Stored records
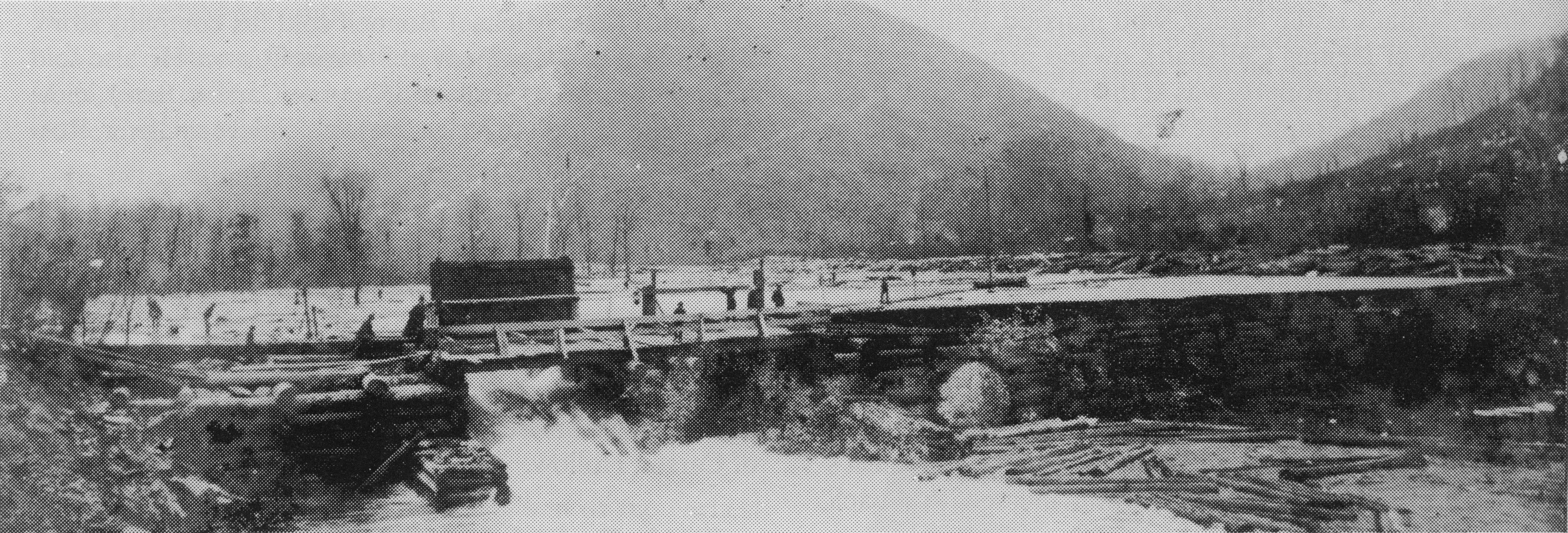 Splash dam on Otter Run, a tributary of Little Pine Creek in Lycoming County, Pennsylvania. The splash dam is being used to release water and float logs to Pine Creek, then the West Branch Susquehanna River and sawmills at Williamsport.
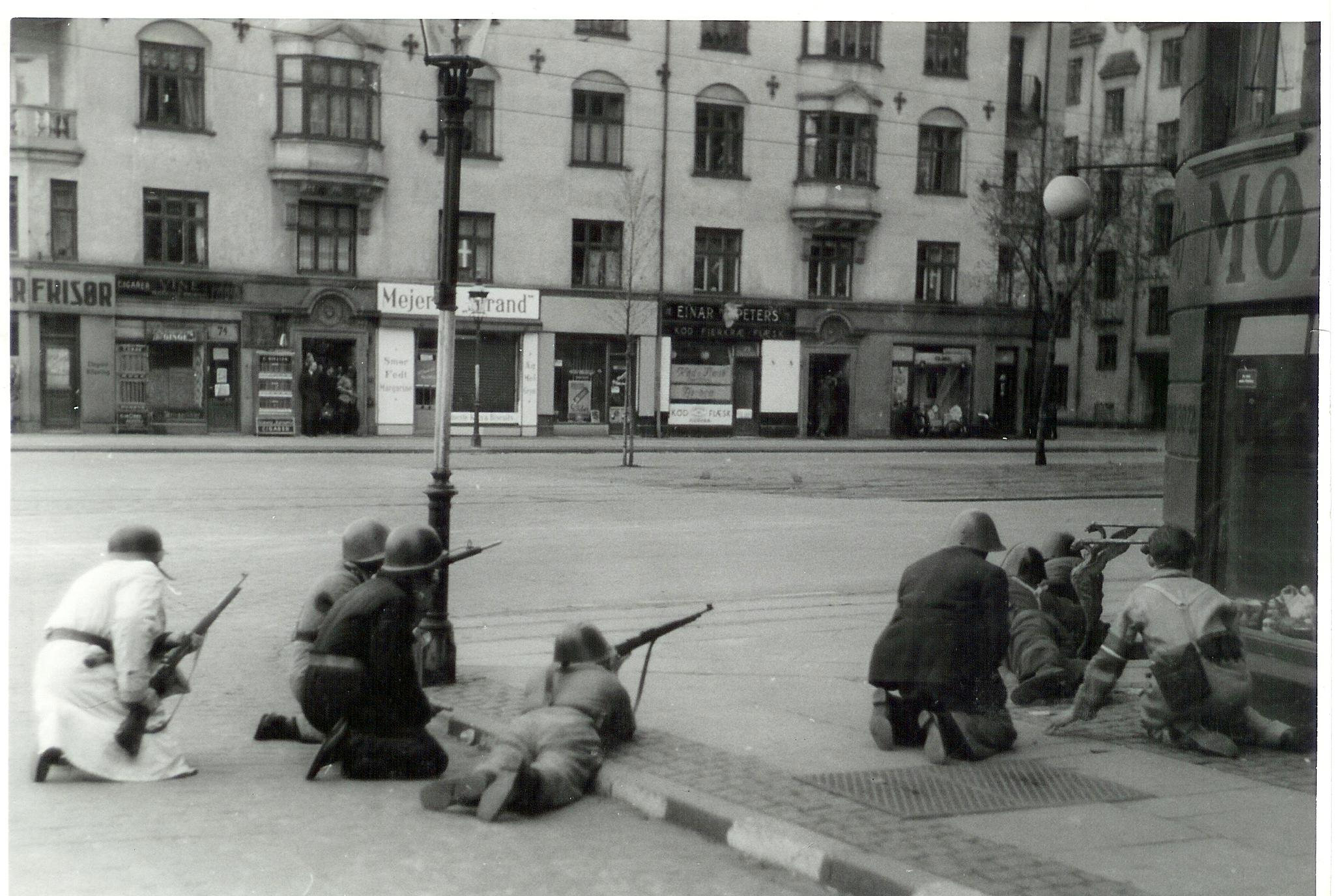 More images from The Museum of Danish Resistance
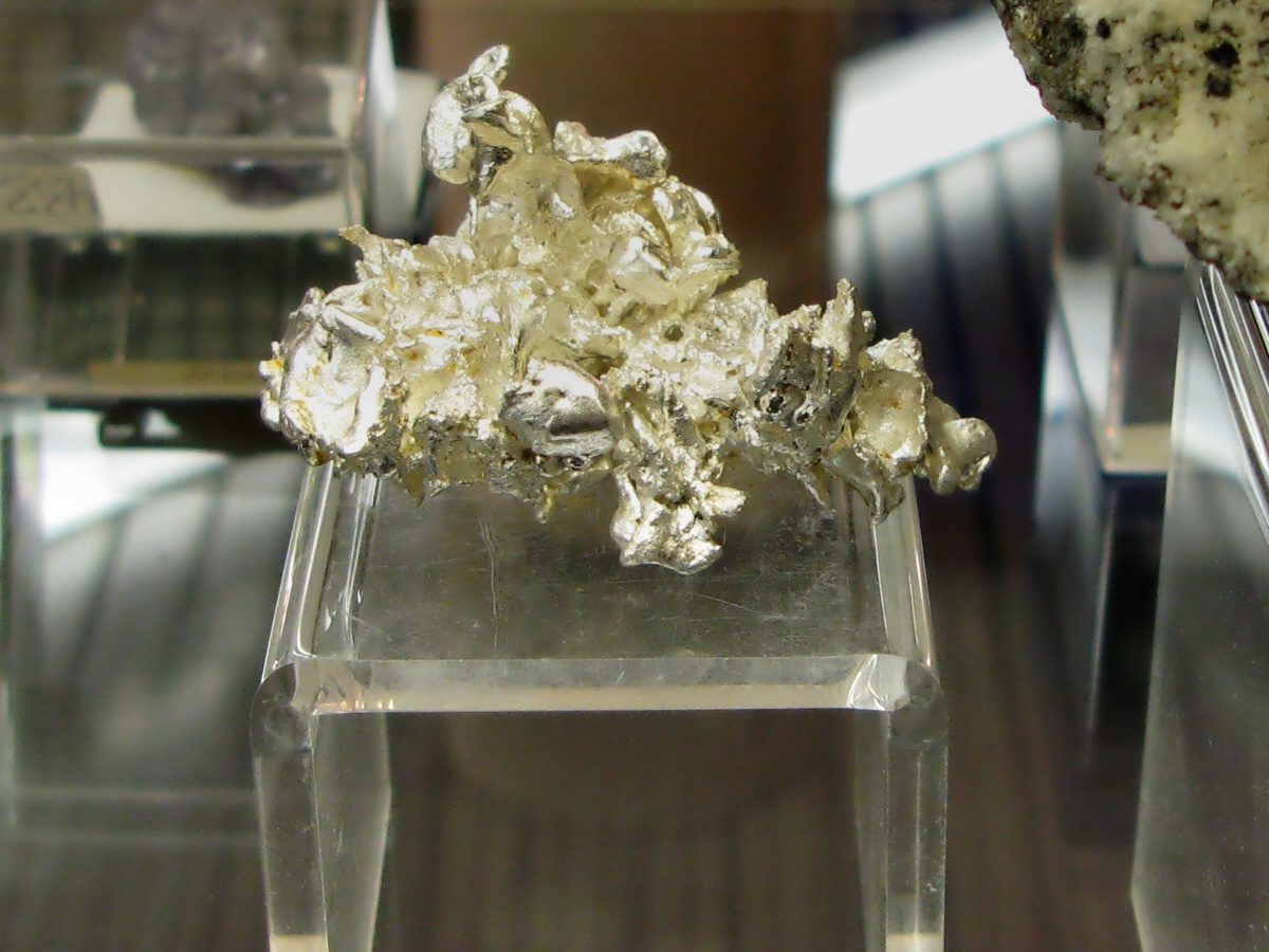 Native Silver (extreme pure), etched out of Calcite from Hua Gans Hui, Liaoning province, China
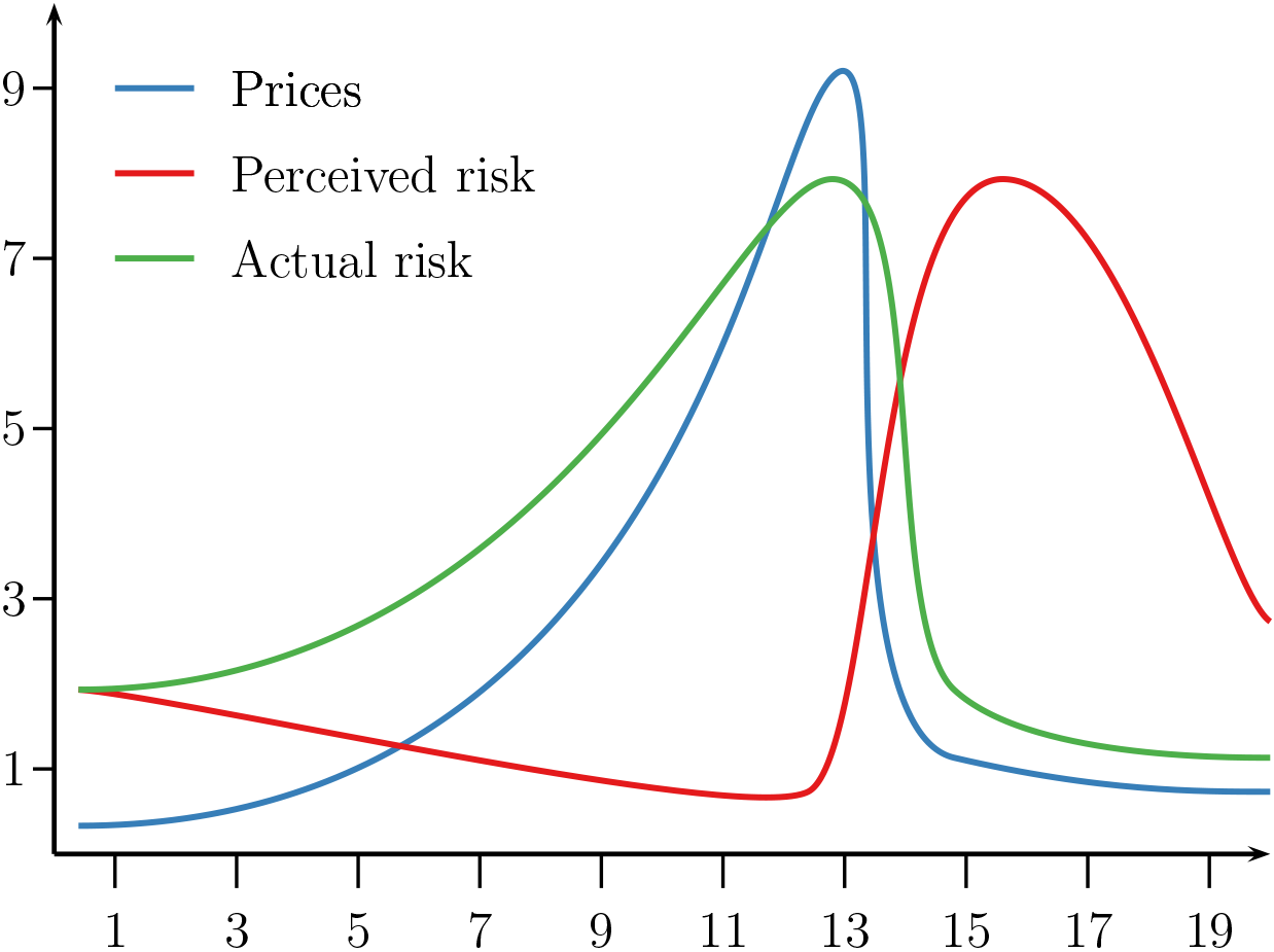 Shows a price bubble, as well as actual and perceived risk, as examples of endogenous risk.
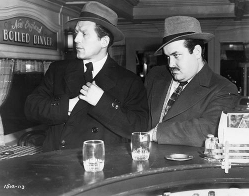 Promotional still from the 1946 film The Killers, published in New Movies: The National Board of Review Magazine
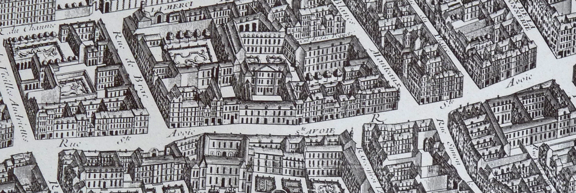 Rue Sainte-Avoie (now Rue du Temple) in Paris on the plan Turgot
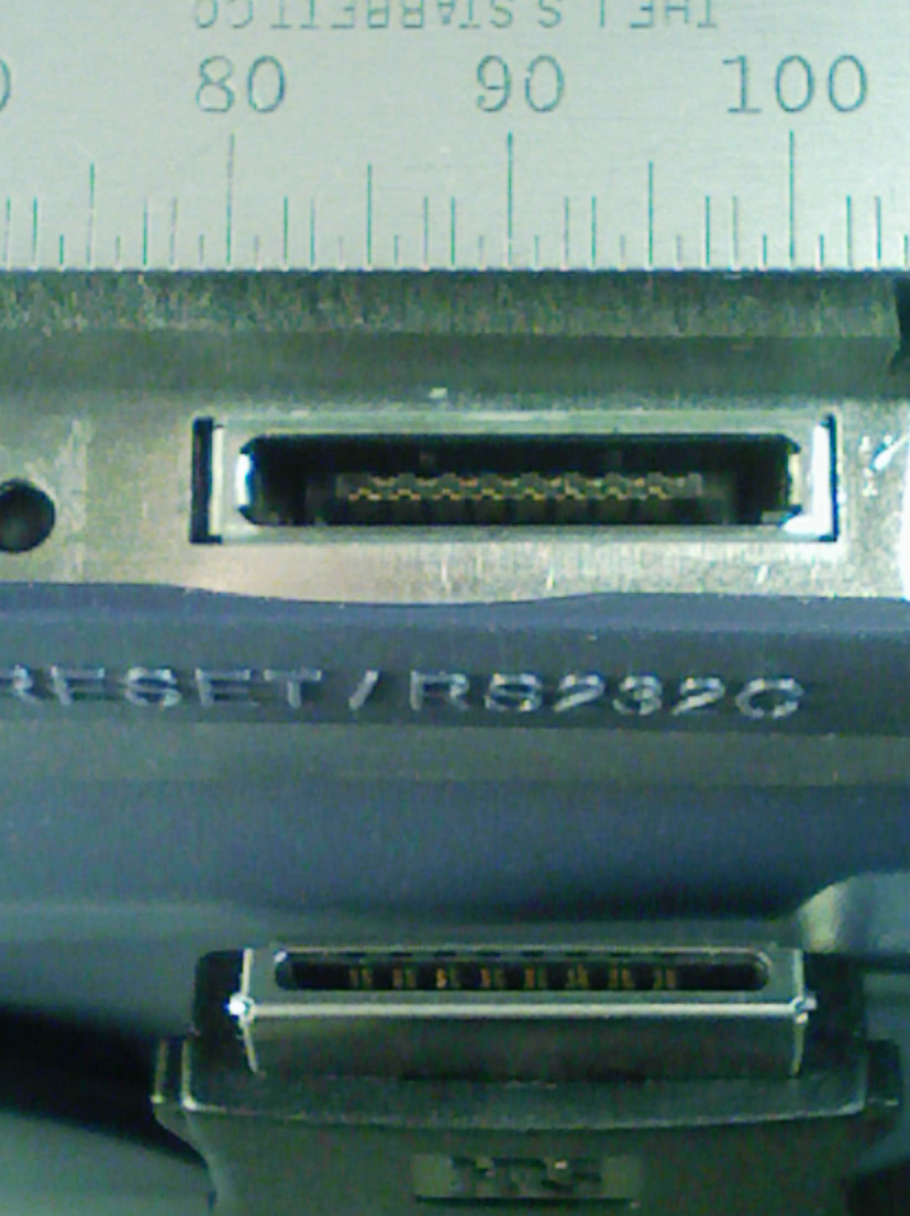 The serial port on a Tatung TWN-5213 CU tablet computer. The hinged plastic cover of the port is marked "RESET/RS232C". Below the cover is a mating connector, a Hirose 3540-16P-CV. The smallest increment on the scale is 1 mm; the connector is approximately 20 mm wide. Numbering of contacts as seen above in the 3560-16S. 2 4 6 ... 12 14 16 1 3 5 ... 11 13 15 Resistance in ohms measured from each contact to the metal frame. 1 12 k 2 infinity 3 4 k 4 infinity 5 infinity 6 infinity 7 infinity 8 0 9 4 k 10 4 k 11 4 k 12 4 k 13 infinity 14 infinity 15 infinity 16 0

**REQUIRED ACTION**: Transcribe each line above exactly, pictures excluded.

**WRITTEN SOLUTION**:
 Splash dam on Otter Run, a tributary of Little Pine Creek in Lycoming County, Pennsylvania. The splash dam is being used to release water and float logs to Pine Creek, then the West Branch Susquehanna River and sawmills at Williamsport.
 More images from The Museum of Danish Resistance
 Native Silver (extreme pure), etched out of Calcite from Hua Gans Hui, Liaoning province, China
 Shows a price bubble, as well as actual and perceived risk, as examples of endogenous risk.
 Promotional still from the 1946 film The Killers, published in New Movies: The National Board of Review Magazine
 Rue Sainte-Avoie (now Rue du Temple) in Paris on the plan Turgot
 The serial port on a Tatung TWN-5213 CU tablet computer. The hinged plastic cover of the port is marked "RESET/RS232C". Below the cover is a mating connector, a Hirose 3540-16P-CV. The smallest increment on the scale is 1 mm; the connector is approximately 20 mm wide. Numbering of contacts as seen above in the 3560-16S. 2 4 6 ... 12 14 16 1 3 5 ... 11 13 15 Resistance in ohms measured from each contact to the metal frame. 1 12 k 2 infinity 3 4 k 4 infinity 5 infinity 6 infinity 7 infinity 8 0 9 4 k 10 4 k 11 4 k 12 4 k 13 infinity 14 infinity 15 infinity 16 0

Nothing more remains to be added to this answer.